◆ Stored data:

▶

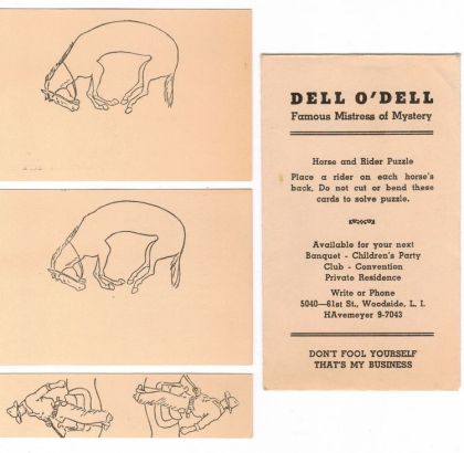 This is the "Put the two riders on the two horses" puzzle, originally developed by Sam Loyd. On the back of one of the horse cards is a photo of Dell O'Dell. The other card has a laudatory quote about her peformance in a Night Club, by Bruno Lessing, a New York City columnist. Lessing died in 1940 so this is probably from the late 1930s.
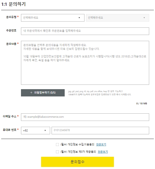 다음으로는 1:1문의하기를 이용해보겠습니다. 문의유형, 주문번호, 문의내용, 이메일주소, 휴대폰번호를 입력하고 이용약관에 동의 후 [문의접수] 버튼을 눌러서 접수하시면 되겠습니다. 오늘은 이처럼 카카오커머스 고객센터 이용하는 방법을 알아보았는데요, 말씀드렸던 것처럼 별로 어려운 부분이 없기때문에 여러분들도 필요할때마다 이용해보시기 바랍니다.
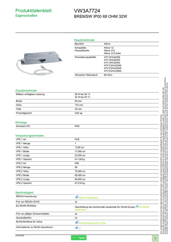Schneider Electric VW3A7724 Akcesorium do wyłącznika mocy 1 szt.
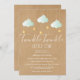 Apresentando lindas nuvens verdes de menta e estrelas ouros em cordas, em um fundo de boho kraft rústico, este convite para chás de fraldas neutro por gênero é perfeito para todos os pequenos que estão a caminho. Adicione seus detalhes de celebração em branco para criar o convite perfeito.
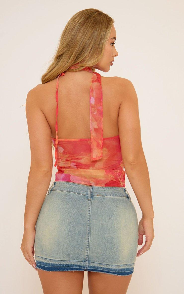 plunge front choker detail frilly top in orange printed mesh
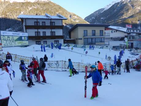 The children's area is located at the beginner ski area Innerwald, slightly above Sölden. It is easily accessible from Sölden with the free Zentrumshuttle (a short funicular railway). The well-equipped children's area is situated right next to the beginner drag lifts at Innerwald.

◀

◆ The task: Exactly reproduce the run of lines from the start of the listing through the line with "Schneider Electric VW3A7724", inclusive; pictures are not copied.

◆ Answer for this exercise:
 This is the "Put the two riders on the two horses" puzzle, originally developed by Sam Loyd. On the back of one of the horse cards is a photo of Dell O'Dell. The other card has a laudatory quote about her peformance in a Night Club, by Bruno Lessing, a New York City columnist. Lessing died in 1940 so this is probably from the late 1930s.
 다음으로는 1:1문의하기를 이용해보겠습니다. 문의유형, 주문번호, 문의내용, 이메일주소, 휴대폰번호를 입력하고 이용약관에 동의 후 [문의접수] 버튼을 눌러서 접수하시면 되겠습니다. 오늘은 이처럼 카카오커머스 고객센터 이용하는 방법을 알아보았는데요, 말씀드렸던 것처럼 별로 어려운 부분이 없기때문에 여러분들도 필요할때마다 이용해보시기 바랍니다.
Schneider Electric VW3A7724 Akcesorium do wyłącznika mocy 1 szt.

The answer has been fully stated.